A Survey on Deep Learning Hardware Accelerators for Heterogeneous HPC Platforms
- URL: http://arxiv.org/abs/2306.15552v2
- Date: Fri, 12 Jul 2024 16:50:59 GMT
- Title: A Survey on Deep Learning Hardware Accelerators for Heterogeneous HPC Platforms
- Authors: Cristina Silvano, Daniele Ielmini, Fabrizio Ferrandi, Leandro Fiorin, Serena Curzel, Luca Benini, Francesco Conti, Angelo Garofalo, Cristian Zambelli, Enrico Calore, Sebastiano Fabio Schifano, Maurizio Palesi, Giuseppe Ascia, Davide Patti, Nicola Petra, Davide De Caro, Luciano Lavagno, Teodoro Urso, Valeria Cardellini, Gian Carlo Cardarilli, Robert Birke, Stefania Perri,
- Abstract summary: This survey summarizes and classifies the most recent advances in designing deep learning accelerators.
It highlights the most advanced approaches to support deep learning accelerations including not only GPU and TPU-based accelerators but also design-specific hardware accelerators.
The survey also describes accelerators based on emerging memory technologies and computing paradigms.

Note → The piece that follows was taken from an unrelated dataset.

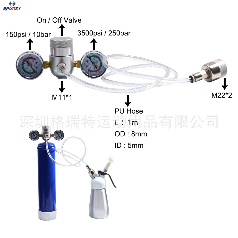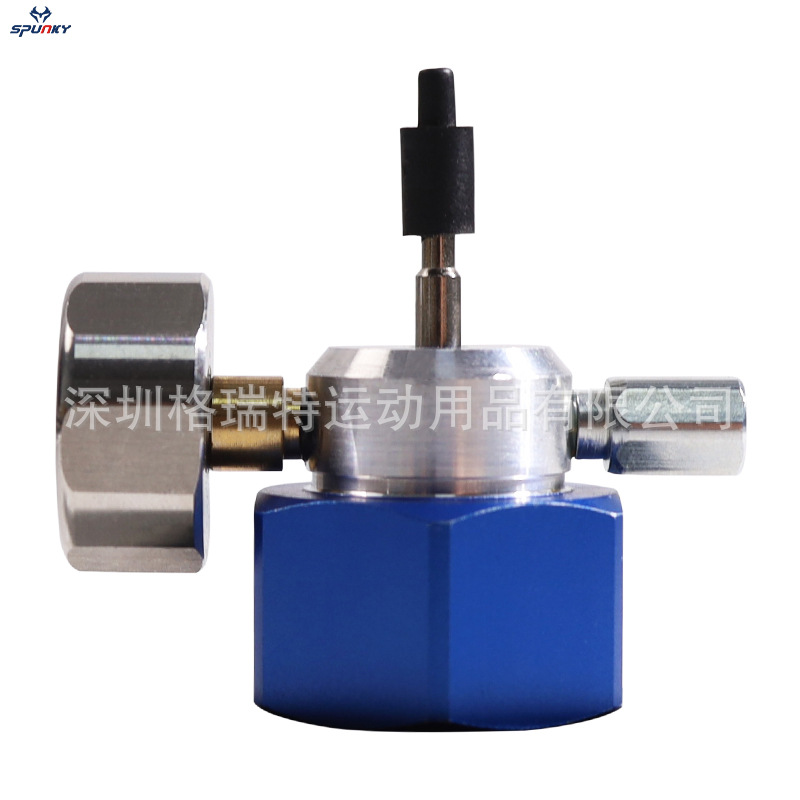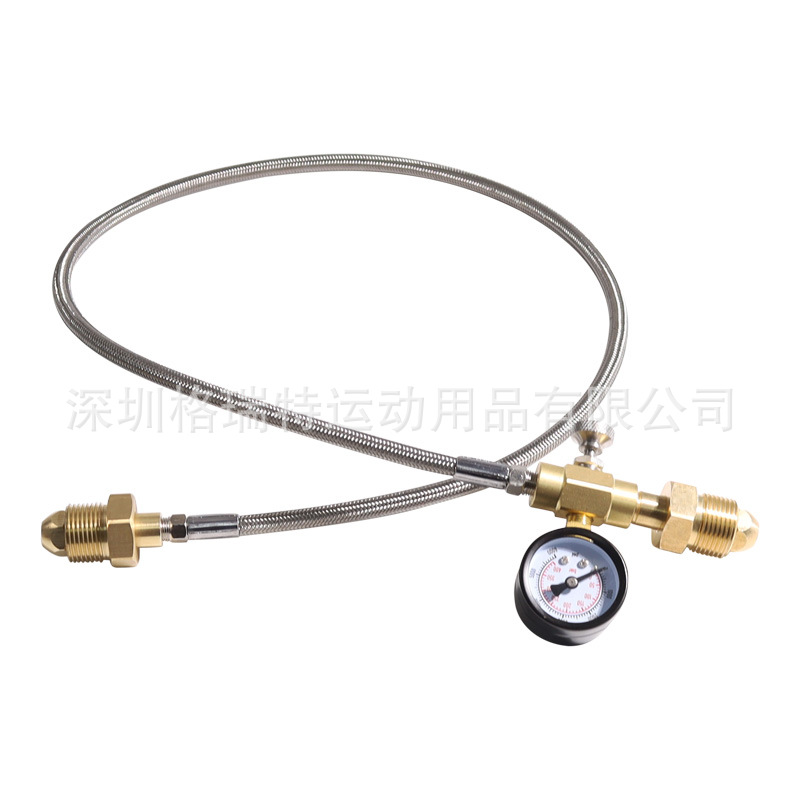 TR21-4のソーダガスボンベのエアヘッドは1.5メートルの黒色の細い高圧管の大きいガスボンベを接続して小さいガスボンベのエアチューブを充填します。

- Score: 9.036774656254375
- License: http://creativecommons.org/licenses/by-nc-nd/4.0/
- Abstract: Recent trends in deep learning (DL) imposed hardware accelerators as the most viable solution for several classes of high-performance computing (HPC) applications such as image classification, computer vision, and speech recognition. This survey summarizes and classifies the most recent advances in designing DL accelerators suitable to reach the performance requirements of HPC applications. In particular, it highlights the most advanced approaches to support deep learning accelerations including not only GPU and TPU-based accelerators but also design-specific hardware accelerators such as FPGA-based and ASIC-based accelerators, Neural Processing Units, open hardware RISC-V-based accelerators and co-processors. The survey also describes accelerators based on emerging memory technologies and computing paradigms, such as 3D-stacked Processor-In-Memory, non-volatile memories (mainly, Resistive RAM and Phase Change Memories) to implement in-memory computing, Neuromorphic Processing Units, and accelerators based on Multi-Chip Modules. Among emerging technologies, we also include some insights into quantum-based accelerators and photonics. To conclude, the survey classifies the most influential architectures and technologies proposed in the last years, with the purpose of offering the reader a comprehensive perspective in the rapidly evolving field of deep learning.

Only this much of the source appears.